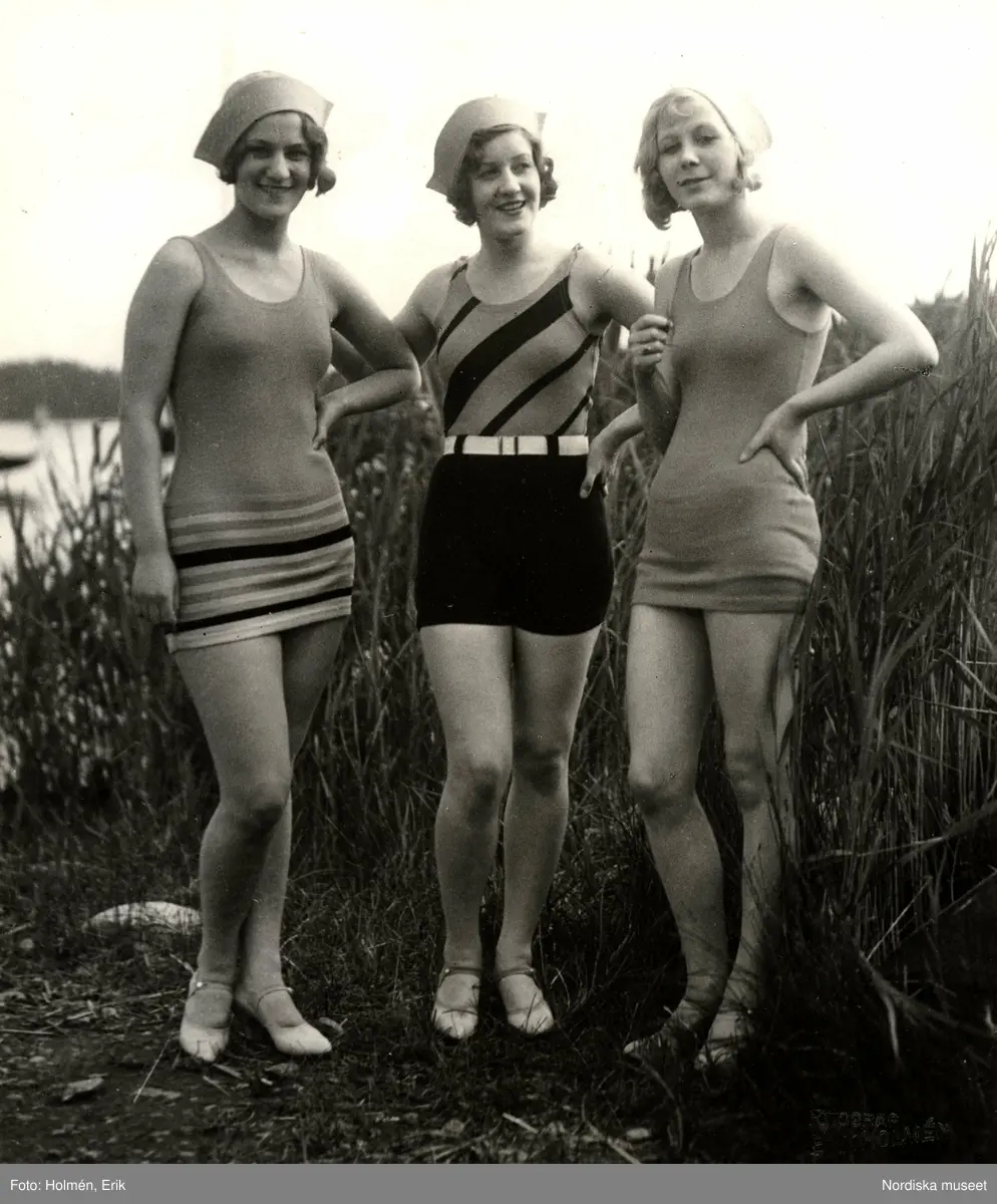 Nordiska Kompaniet, badmode. "Uppvisning i Saltsjöbaden". Tre modeller i baddräkt.
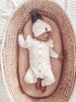 Soft, high-quality, comfortable and sweetly girly baby knit jumpsuit with frills made of 100% cotton. A lovely everyday outfit that is also suitable for a more festive occasion and looks really beautiful in baby photos. This knit jumpsuit is made of a slightly thinner knit and is therefore also perfect for slightly warmer weather. The color of the knit jumpsuit is a beautiful white Vanilla. It goes perfectly with the Pom Booties baby booties and the Lola bow headband from the same brand or the Little B's Nursery baby booties and our other wonderful headbands!
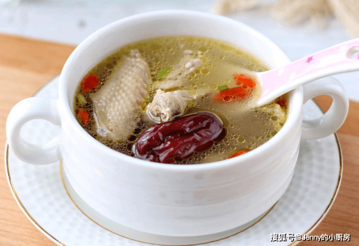 燉好後,加入紅棗,繼續小火煮十分鐘。最後放入枸杞,再加鹽、雞精調味,就可以關火瞭,趕緊喝一碗吧,全身暖和,真舒服。
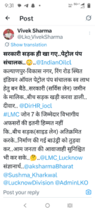 इस मामले को लेकर लखनऊ के समाजसेवी विवेक शर्मा ने सोशल मीडिया प्लेटफॉर्म ‘एक्स’ पर शिकायत दर्ज कराते हुए इंडियन ऑयल कॉरपोरेशन के उच्च अधिकारियों और संबंधित विभागों का ध्यान आकृष्ट कराया है।
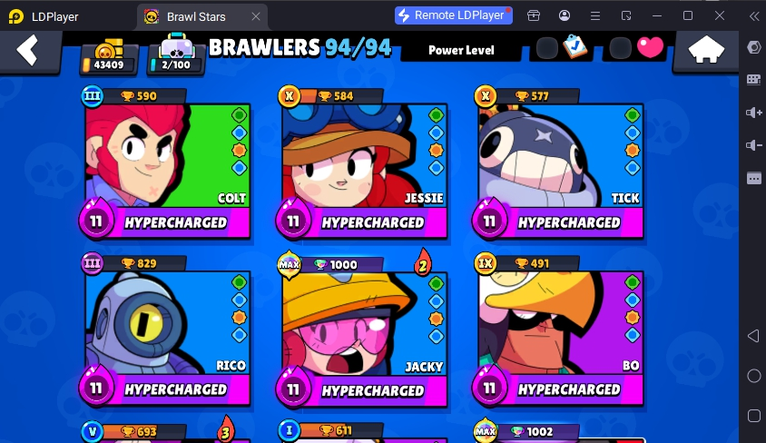 272 SKINS 💯 BELLE GOLDHAND ❤️ 43.409 CUPS 🏆 94 BRAWLERS 🐼 13 HYPERCHARGED 🩸 37 MAX BRAWLERS 💛 CURSED KENJI ❤️ BORN BAD BUZZ ❤️ FURIOUS FANG ❤️ MAJOR ROSA ❤️ TRICKY JANET 💯
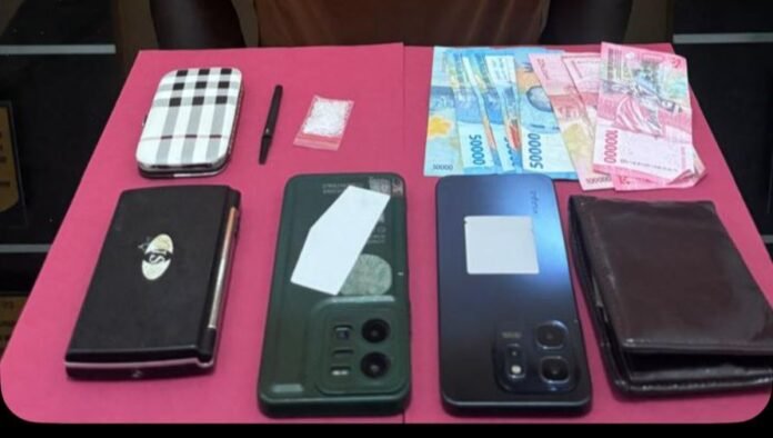 Mereka melakukan penangkapan terhadap kedua orang tersebut dan saat di introgasi mengaku bernama inisial SP alias Nanok dan SF alias Ari. saat dilakukan penggeledahan terhadap SP alias Nanok di temukan 1 bungkus plastik bening yang di dalam nya terdapat 2 bungkus plastik bening di duga narkotika jenis sabu 1 unit hp merk iPhone warna hitam 1 unit hp infinix motif naga warna hitam 1 buah dompet warna coklat uang tunai Rp.400.000,-
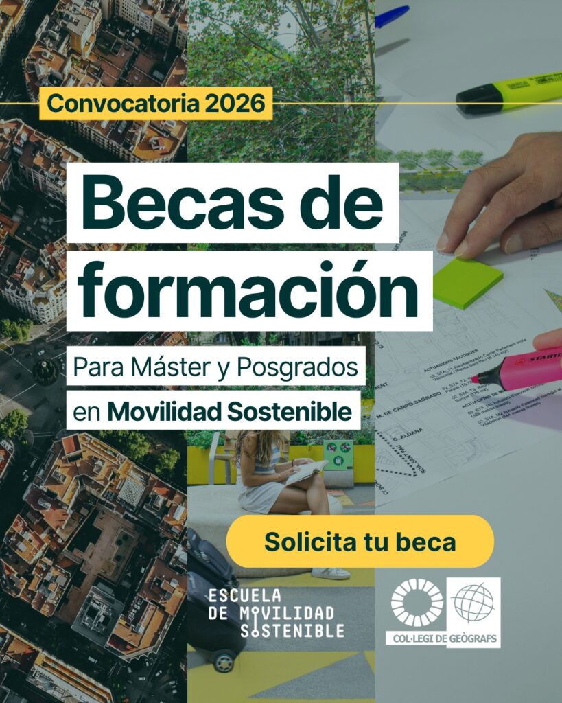 El Col·legi de Geògrafs és una de les entitats col·laboradores de l’Escola de Mobilitat Sostenible, i juntament amb ella presenta la nova convocatòria de beques per als postgraus i Màster en Mobilitat Sostenible de 2026.
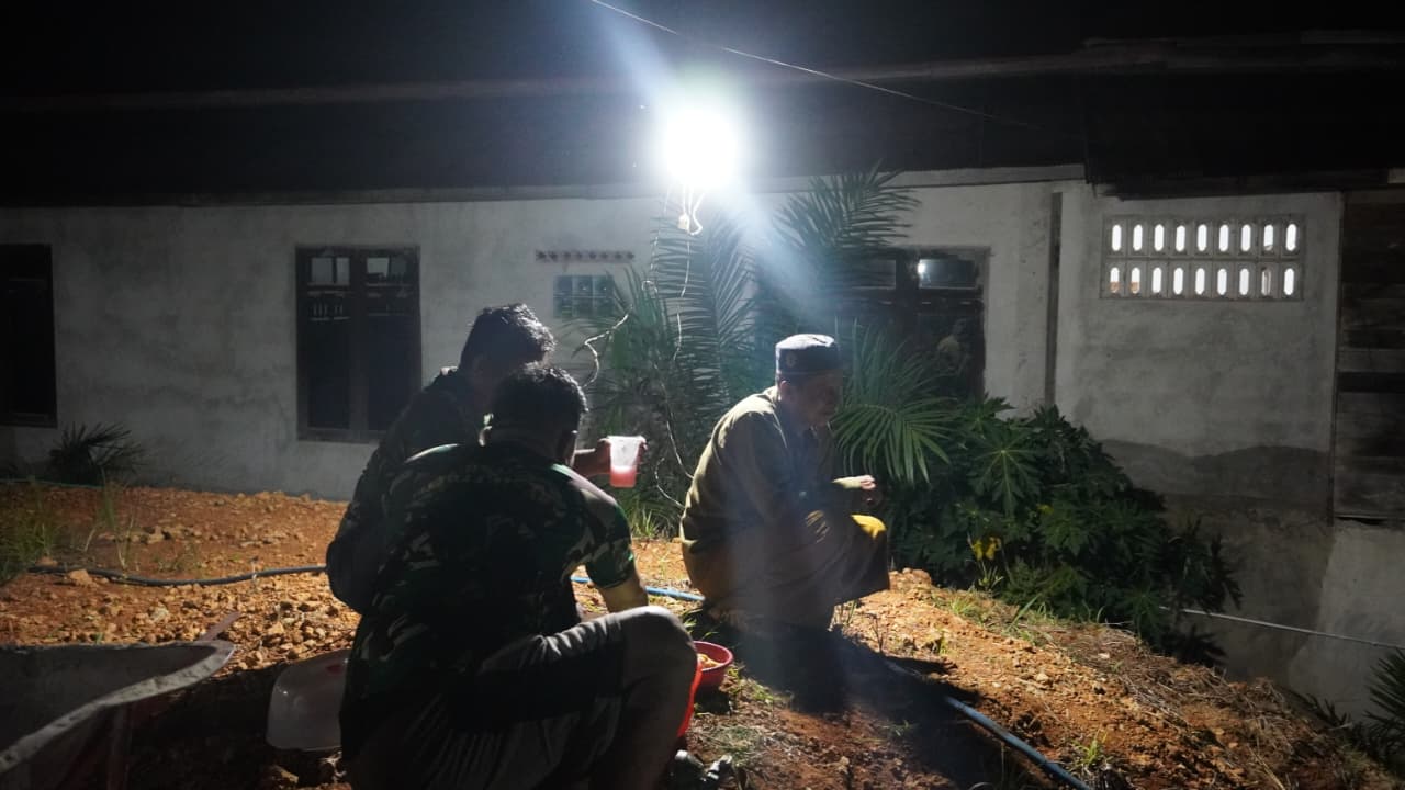 Kotawaringin Timur – Kegiatan TMMD Reguler ke-127 Kodim 1015/Sampit di Desa Tri Buana, Kecamatan Telaga Antang, menunjukkan suasana yang penuh keakraban antara anggota TNI dan masyarakat. Pada Sabtu malam, 7 Maret 2026, di sela-sela aktivitas pembuatan sumur bor, para prajurit tampak duduk santai sambil menikmati kopi dan gorengan bersama warga.
^^^^^^^^^^^^^^^^
§ What you should do
The material above must be reproduced line for line, with the images omitted.

§ Task response
 Nordiska Kompaniet, badmode. "Uppvisning i Saltsjöbaden". Tre modeller i baddräkt.
 Soft, high-quality, comfortable and sweetly girly baby knit jumpsuit with frills made of 100% cotton. A lovely everyday outfit that is also suitable for a more festive occasion and looks really beautiful in baby photos. This knit jumpsuit is made of a slightly thinner knit and is therefore also perfect for slightly warmer weather. The color of the knit jumpsuit is a beautiful white Vanilla. It goes perfectly with the Pom Booties baby booties and the Lola bow headband from the same brand or the Little B's Nursery baby booties and our other wonderful headbands!
 燉好後,加入紅棗,繼續小火煮十分鐘。最後放入枸杞,再加鹽、雞精調味,就可以關火瞭,趕緊喝一碗吧,全身暖和,真舒服。
 इस मामले को लेकर लखनऊ के समाजसेवी विवेक शर्मा ने सोशल मीडिया प्लेटफॉर्म ‘एक्स’ पर शिकायत दर्ज कराते हुए इंडियन ऑयल कॉरपोरेशन के उच्च अधिकारियों और संबंधित विभागों का ध्यान आकृष्ट कराया है।
 272 SKINS 💯 BELLE GOLDHAND ❤️ 43.409 CUPS 🏆 94 BRAWLERS 🐼 13 HYPERCHARGED 🩸 37 MAX BRAWLERS 💛 CURSED KENJI ❤️ BORN BAD BUZZ ❤️ FURIOUS FANG ❤️ MAJOR ROSA ❤️ TRICKY JANET 💯
 Mereka melakukan penangkapan terhadap kedua orang tersebut dan saat di introgasi mengaku bernama inisial SP alias Nanok dan SF alias Ari. saat dilakukan penggeledahan terhadap SP alias Nanok di temukan 1 bungkus plastik bening yang di dalam nya terdapat 2 bungkus plastik bening di duga narkotika jenis sabu 1 unit hp merk iPhone warna hitam 1 unit hp infinix motif naga warna hitam 1 buah dompet warna coklat uang tunai Rp.400.000,-
 El Col·legi de Geògrafs és una de les entitats col·laboradores de l’Escola de Mobilitat Sostenible, i juntament amb ella presenta la nova convocatòria de beques per als postgraus i Màster en Mobilitat Sostenible de 2026.
 Kotawaringin Timur – Kegiatan TMMD Reguler ke-127 Kodim 1015/Sampit di Desa Tri Buana, Kecamatan Telaga Antang, menunjukkan suasana yang penuh keakraban antara anggota TNI dan masyarakat. Pada Sabtu malam, 7 Maret 2026, di sela-sela aktivitas pembuatan sumur bor, para prajurit tampak duduk santai sambil menikmati kopi dan gorengan bersama warga.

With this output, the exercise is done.